IBM Quantum Experience

Quantum information is very fragile and needs to be protected from any errors that can result from heat and electromagnetic radiation. Signals are sent in and out of a cryogenic dilution refrigerator to measure operations on the quantum processor.

The IBM team has made a number of robust engineering advances both at the device level and in the electronic controls to give IBM Quantum Experience users unprecedented and reliably high-quality performance in this five-qubit processor.

Coupled with software expertise from the IBM Research ecosystem, the team has built a dynamic user interface on the IBM Cloud platform that allows users to easily connect to the quantum hardware via the cloud. The team sees the introduction to the public of this complete quantum computing framework as just the start of a new user community, which embraces the quantum world and how it works.

In the future, users will have the opportunity to contribute and review their results in the community hosted on the IBM Quantum Experience and IBM scientists will be directly engaged to offer more research and insights on new advances. IBM plans to add more qubits and different processor arrangements to the IBM Quantum Experience over time, so users can expand their experiments and help uncover new applications for the technology.

Quantum computing – a different way of thinking

We live in a world where classical physics defines our experiences and our intuition, and ultimately how we process information. However, nature at the atomic level is governed by a different set of rules known as quantum mechanics.
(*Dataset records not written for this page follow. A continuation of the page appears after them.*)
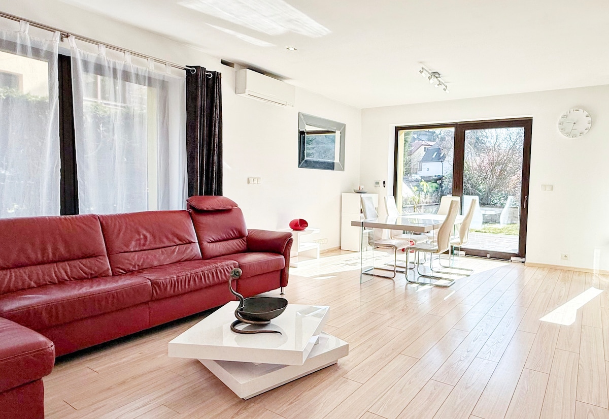 Tá ár villa suite in aice le Vyšehrad agus an tIonad Comhdhála, díreach céimeanna ó Chearnóg Wenceslas. Tá gairdín ann atá foirfe do bheárbaiciú, ardán fairsing a thairgeann radhairc iontacha, linn snámha théite, tobán te agus sabhna (tuilleadh eolais faoin táille folláine thíos). Timpeallaithe ag siopaí agus bialanna, le rochtain éasca ar thramanna a théann go dtí an Seanbhaile. Má tá tearmann síochánta compordach á lorg agat gar don Seanbhaile, is é seo an ceann scríbe is fearr duit.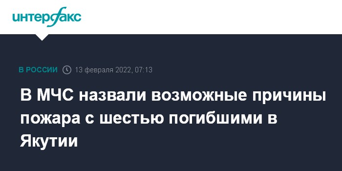 В МЧС назвали возможные причины пожара с шестью погибшими в Якутии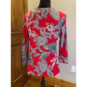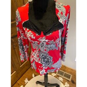 Linea Donatella Size Small Red Black Paisley Top w/Lace Neckline Sexy!

It is beyond the reach of classical computers to solve problems that exist in nature in which quantum mechanics plays a role, for example, understanding how molecules behave.

To overcome this, in 1981, Richard Feynman proposed to build computers based on the laws of quantum mechanics. Over three decades later, IBM is helping to make this a reality.

Quantum computing works fundamentally differently from today’s computers. A classical computer makes use of bits to process information, where each bit represents either a one or a zero. In contrast, a qubit can represent a one, a zero, or both at once, which is known as superposition. This property along with other quantum effects enable quantum computers to perform certain calculations vastly faster than is possible with classical computers.

Most of today’s quantum computing research in academia and industry is focused on building a universal quantum computer. The major challenges include creating qubits of high quality and packaging them together in a scalable way, so they can perform complex calculations in a controllable way.

IBM employs superconducting qubits that are made with superconducting metals on a silicon chip and can be designed and manufactured using standard silicon fabrication techniques. Last year, IBM scientists demonstrated critical breakthroughs to detect quantum errors by combining superconducting qubits in latticed arrangements, and whose quantum circuit design is the only physical architecture that can scale to larger dimensions.

Now, IBM scientists have achieved a further advance by combining five qubits in the lattice architecture, which demonstrates a key operation known as a parity measurement – the basis of many quantum error correction protocols. The road towards universal quantum computing hinges upon the achievement of quantum error correction, and the IBM team has taken another important step down this challenging path.

New frontiers for quantum computing

There has been tremendous progress and interest in the field of quantum of computing in recent years. By giving users access to the IBM Quantum Experience, it will help businesses and organizations begin to understand the technology’s potential, for universities to grow their teaching programs in quantum computing and related subjects, and for students to become aware of promising new career paths.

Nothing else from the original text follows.